ASSIGNED TASK = Begin at the line containing "(演練火災(zāi)現(xiàn)場(chǎng)逃離 劉式花攝)" in the records below, end at the line containing "北岡 渉生さんを姓名の画数から五運を鑑定", and retype each line in that span exactly. No other line and no image should appear.

SOURCE RECORDS =

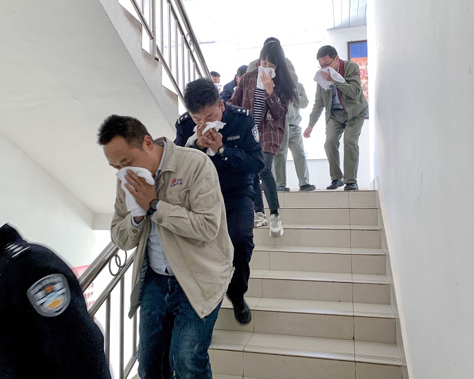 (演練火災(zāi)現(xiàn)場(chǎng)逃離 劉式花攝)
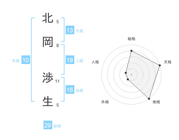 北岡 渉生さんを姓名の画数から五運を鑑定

--

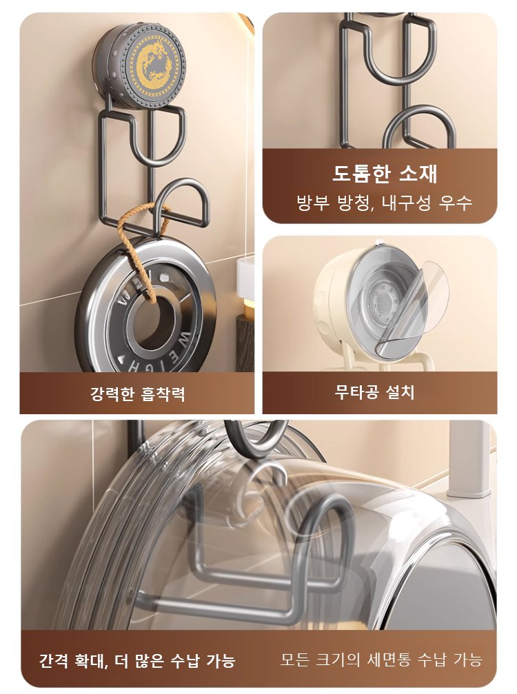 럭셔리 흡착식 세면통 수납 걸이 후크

EXERCISE RESPONSE =
 (演練火災(zāi)現(xiàn)場(chǎng)逃離 劉式花攝)
 北岡 渉生さんを姓名の画数から五運を鑑定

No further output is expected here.